Tiny Black Hole Passage Through a Human Body: A Physicist Quantifies teh Risks
A theoretical calculation reveals the potential, though remarkably unlikely, effects of a primordial black hole traversing the human body, ranging from undetectable passage to injury akin to a gunshot.
Vanderbilt University physicist Robert Scherrer has modeled the interaction between a human body and a primordial black hole – hypothetical,extremely small black holes formed in the early universe. The research, published in the International Journal of Modern Physics D, explores the consequences of such an event, finding that the outcome depends heavily on the black hole’s size. While larger primordial black holes (asteroid-sized or bigger) would inflict severe, possibly fatal, trauma, smaller ones might pass through unnoticed.
Scherrer’s analysis indicates that a black hole large enough to cause significant damage would exert a gravitational force akin to a high-velocity projectile. “A sufficiently large primordial black hole… would cause serious injury or death if it passed through you. It would behave like a gunshot,” Scherrer explains. However, the threshold for “spaghettification” - the stretching and distortion of tissue due to extreme gravity – is surprisingly high. Only at a certain minimum mass would the black hole’s gravity be strong enough to cause substantial damage, and even then, the resulting supersonic wake could contribute significantly to any injury.

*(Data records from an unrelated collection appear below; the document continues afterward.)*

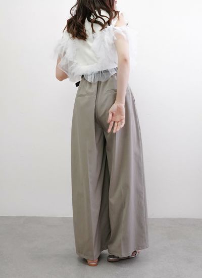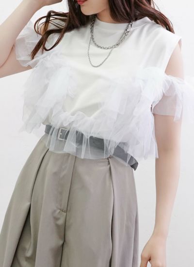 肩部分のチュールは固定されていない為、オフショルダー/ショルダーフリルの2WAY仕様。
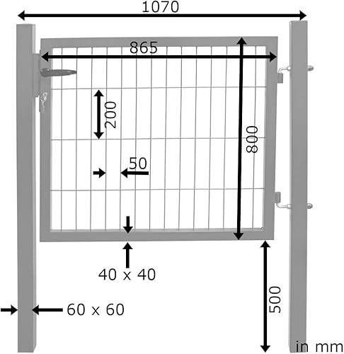 V2Aox Gartentor Tor für Gartenzaun Garten Zaun 80 cm hoch Gartentür aus Metall für Stabmattenzaun Abschließbar inkl. Pfosten Anthrazit
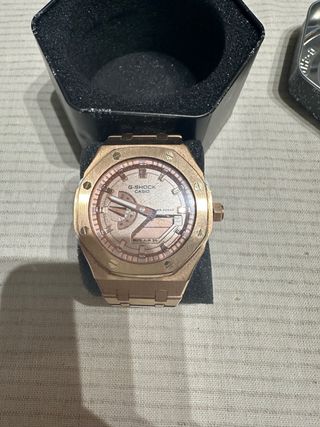 Reloj Casio GA-2100 con un acabado en oro rosado. - Diseño octogonal. - Correa metálica. - Esfera con detalles en relieve.
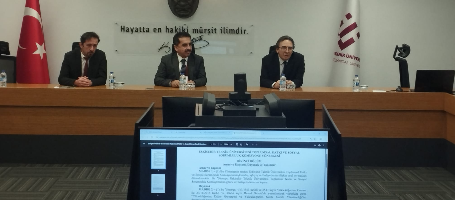 ESTÜ Toplumsal Katkı ve Sosyal Sorumluluk Komisyonu Rektör Yardımcımız ve Komisyon Başkanı Prof. Dr. Onur KAYA başkanlığında 03.02.2026 Salı günü saat 10:00'da aşağıdaki gündem maddeleri doğrultusunda, Rektörlük Binası B girişi (zemin kat) Senato Salonu'nda toplanmıştır.
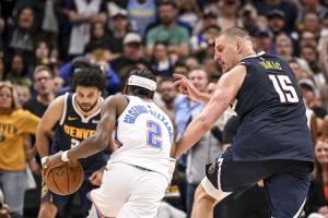 體育資訊05月12日訊 NBA季后賽西部半決賽G4,雷霆在客場以92-87力克掘金,將系列賽大比分追至2-2。
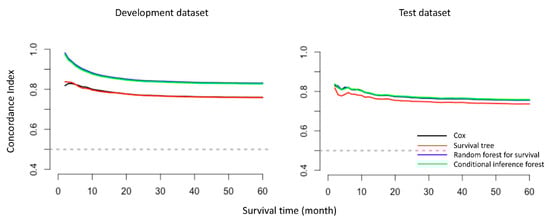 | Random forest for survival (RF) | 0.83 (0.83, 0.83) | 0.76 (0.76, 0.76) |
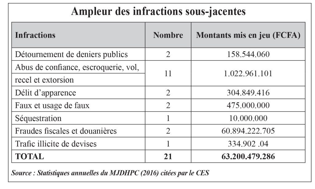 En termes de nombre, le Burkina compte, selon les données du ministère de la Justice, 21 infractions sous-jacentes en 2016. Les montants mis en cause sont évalués à 63,200 milliards FCFA. Abus de confiance, escroquerie, vol, recel et extorsion sont les plus nombreuses en nombre avec 11 dossiers portant sur un montant en jeu de l’ordre de 1,022 milliards F CFA. Les fraudes fiscales et douanières sont également importantes et sont de l’ordre de 60,894 milliards F CFA.
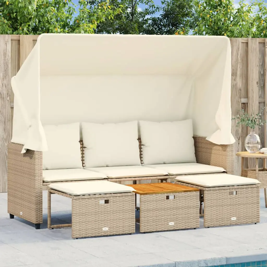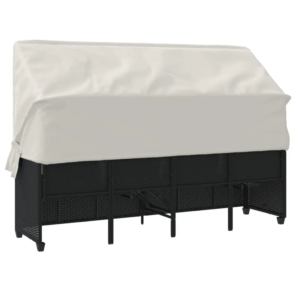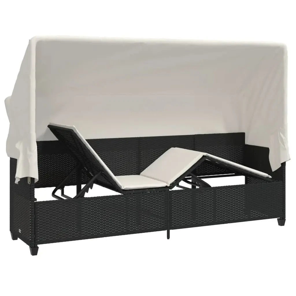 This versatile sun lounger is all about relaxation. It has a sleek modern style that fits any garden or backyard spot. The eye-catching mix of black poly rattan and cream cushions not only looks great but also keeps you comfy, turning your outdoor area into a chill zone where you can kick back and soak up the sun. Retractable Canopy: The built-in retractable canopy makes it easy to stay cool and protected from strong sunlight, so you can enjoy your time outside with ease. Whether you’re chilling alone or entertaining friends, being able to adjust the canopy to your liking really ups the experience.Easy Maintenance: With removable cushion covers that you can simply zip off and clean, this sun lounger keeps looking nice with minimal fuss. Spend less time on upkeep and more time enjoying sunny moments.Adjustable Design: This sun lounger features an adjustable multi-position backrest, so you can find your comfy spot whether you’re reading, sunbathing, or grabbing a nap. You can tweak it until you find the perfect angle for total relaxation.Durable Construction: Built with UV-resistant materials, this sun lounger is tough enough to deal with the elements without fading away. This durability means you can use it season after season without worry.Spacious Design: With generous dimensions of 80.3 in long and 29.5 in wide, this lounger can fit up to two folks comfortably. It’s ideal for kicking back in your garden or backyard.
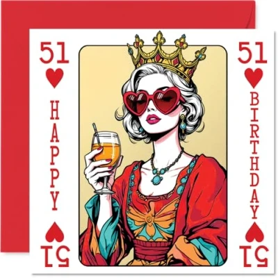 51st Birthday Cards for Women Queen Playing Card Happy 51 Year Old Woman Nan Colleague Friend Grandma, 145mm Bday Greeting
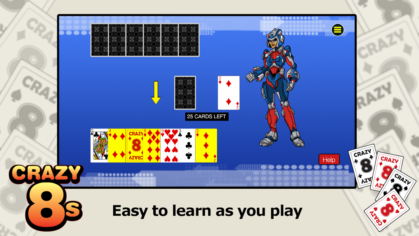 這是適合所有年齡段的經典Crazy Eights紙牌遊戲的單人版本,您可以在這裡與電腦對戰。這個版本的Crazy Eights在玩遊戲時很容易學習。雖然Crazy Eights有不同且複雜的變化,但這個應用程序使用每回合限制一張牌的簡單規則。如果您需要,可在遊戲過程中提供幫助。
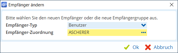 Empfänger eines Posteingangs ändern. Beim Ändern des Posteingangsempfängers wird im Gegensatz zum Weiterleiten kein neuer Posteingang erstellt.
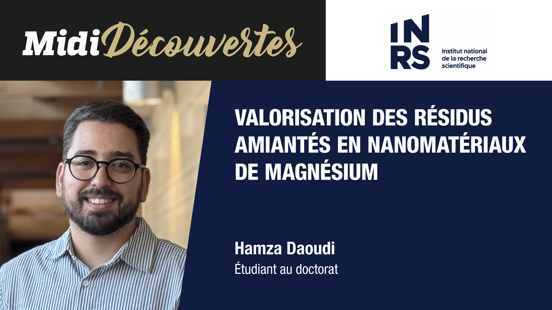 Ce rendez-vous virtuel des Midi-Découvertes était consacré à la valorisation des résidus amiantés en nanomatériaux de magnésium. Cette conférence, présentée par Hamza Daoudi, Étudiant au doctorat, Institut national de la recherche scientifique, a permis d’en apprendre davantage sur des approches innovantes de revalorisation des matériaux et leurs applications potentielles.
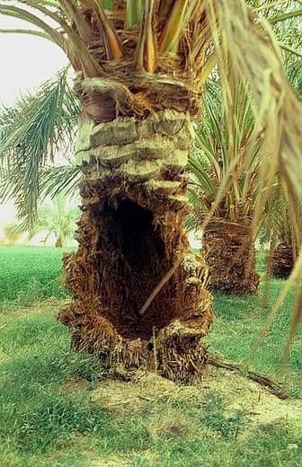 Les insectes sont dissimulés à l’intérieur du tronc et les premiers symptômes passent inaperçus. Les symptômes visibles n’apparaissent que longtemps après le début de l’infestation. Quand ils se manifestent, les arbres fortement attaqués perdent la totalité de leurs feuilles et le pourrissement des stipes (faux troncs) conduit rapidement à la mort des plantes.
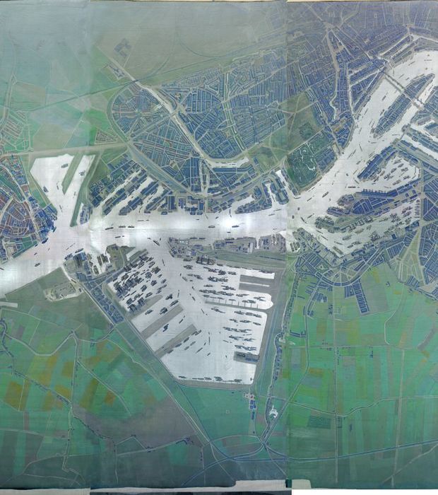 Diorama Nieuwe Waterweg: wandschildering met overzic...
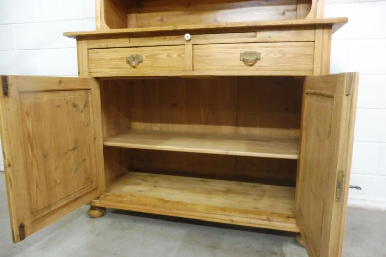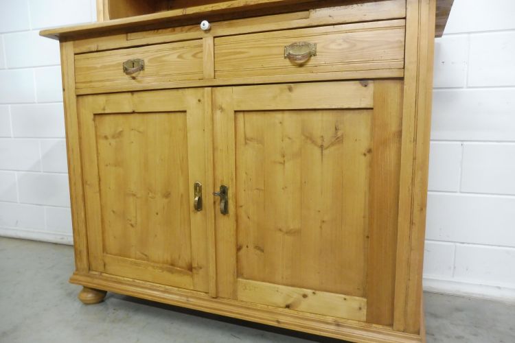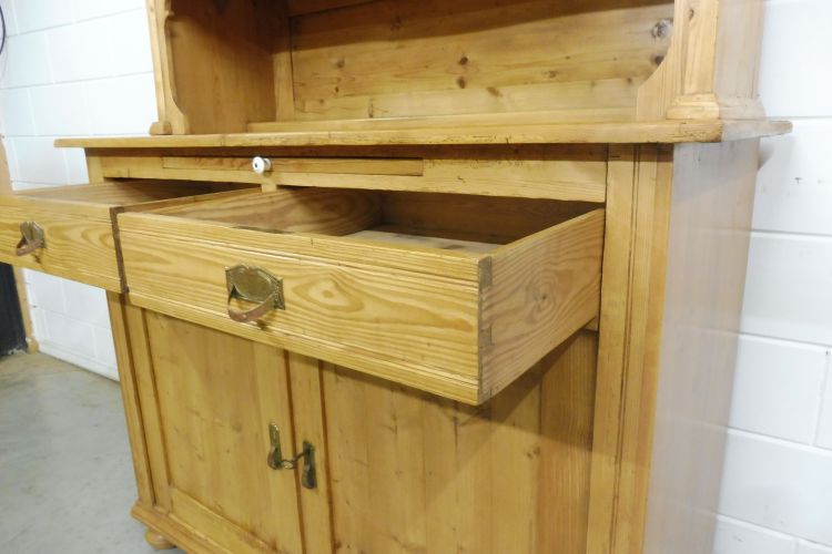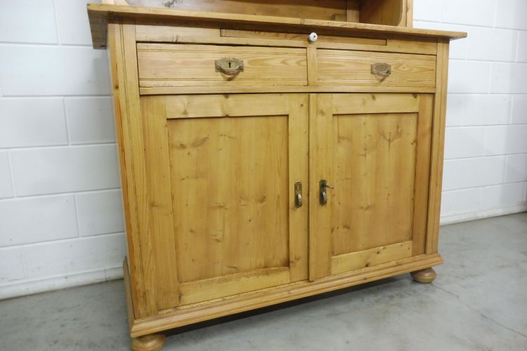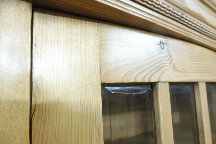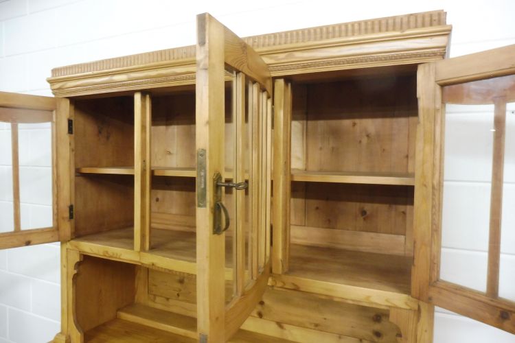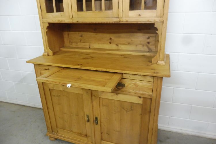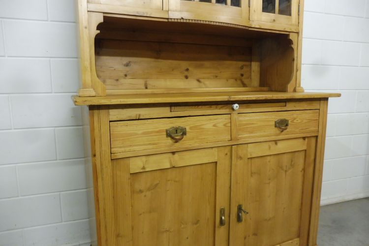 Mooie antieke grenen keukenkast in art-nouveaustijl, circa 1900. Gerestaureerd en behandeld met was. Demonteerbaar in 2 delen. Klaar voor gebruik. Let op: de glasplaat van de middelste deur heeft een kleine beschadiging; zie de foto’s.
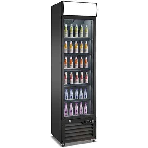 Commercial Bottle Cooler Upright 220 litres Single Glass Door with LED Canopy in Black | Stalwart DA-KXG220H

Despite the dramatic possibilities, the probability of such an encounter is vanishingly small. Scherrer estimates a human-black hole collision would occur roughly once every quintillion years – far exceeding the 13.8 billion-year age of the universe. Moreover, the existence of primordial black holes remains unconfirmed. “Primordial black holes are theoretically possible, but they might not even exist,” Scherrer states. Even if they do exist, their low density makes an encounter “essentially never going to happen.” Humanity is unlikely to be around long enough for such an event to occur, and the universe itself may not last that long.